Ada, originaire de Centrafrique, aide-soignante au CHU de Rennes depuis 2017 grâce à un titre de séjour de dix ans, a vécu l'absurde : en voulant renouveler son titre de voyage expiré, la préfecture lui a répondu ne pas connaître son dossier, alors qu'elle lui avait elle-même délivré sa carte de résidente. À un an de l'expiration de ce précieux document, elle craint de perdre son emploi.
| Profil | Démarche concernée | Conséquence en cas de blocage |
|---|---|---|
| Demandeur d'asile débouté | Première demande de titre de séjour | Impossibilité de travailler, risque d'expulsion |
| Résident longue durée | Renouvellement de titre de voyage | Perte d'emploi, blocage administratif |
| Femme étrangère peu francophone | Toute démarche dématérialisée | Précarisation accentuée, dépendance à des tiers |
Retards administratifs : des vies suspendues dans l'attente
Éric, bénévole au Secours Catholique, observe chaque semaine les effets concrets des délais accumulés. « La préfecture n'a pas les moyens de traiter tous les dossiers dans des délais raisonnables », affirme-t-il. Il décrit des situations où, du jour au lendemain, une personne perd simultanément son travail, ses droits sociaux et son logement faute d'un titre renouvelé à temps.

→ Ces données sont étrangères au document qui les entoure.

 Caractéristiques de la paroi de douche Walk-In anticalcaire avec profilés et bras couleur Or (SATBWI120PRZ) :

Ces situations ne relèvent pas de l'exception. Les retards s'allongent structurellement, et la suppression des guichets physiques prive les usagers de tout recours immédiat. Quand une erreur survient en ligne, aucun agent ne répond pour la corriger rapidement. Pour ne pas rater l'ouverture d'un créneau, certains usagers activent une alerte rendez-vous préfecture gratuite, seul moyen d'être notifié dès qu'une disponibilité apparaît.

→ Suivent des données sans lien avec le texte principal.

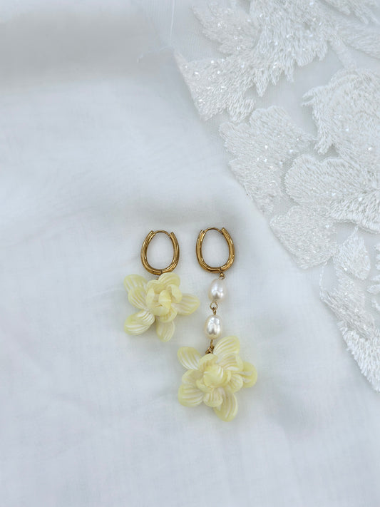 Sage Green and Yellow Sampaguita studs with seed pearls

La préfecture d'Ille-et-Vilaine n'a pas répondu à la demande de rendez-vous du collectif BougeTaPref et s'est contentée de renvoyer vers la décision du tribunal administratif de décembre 2025. Une posture jugée insuffisante par les associations, qui réclament des créations de postes et le rétablissement d'un accueil physique minimal.
Face aux injonctions du Conseil d'État, les autorités disposent de six mois pour corriger les dysfonctionnements de l'Anef. Ce délai représente une opportunité réelle, mais aussi une échéance courte pour des milliers de personnes dont la vie administrative est suspendue à un créneau introuvable. Si vous êtes dans cette situation, documenter chaque étape de vos démarches, garder une copie de chaque envoi et signaler tout dysfonctionnement via les voies officielles reste la meilleure façon de protéger vos droits dans l'attente d'une amélioration du système.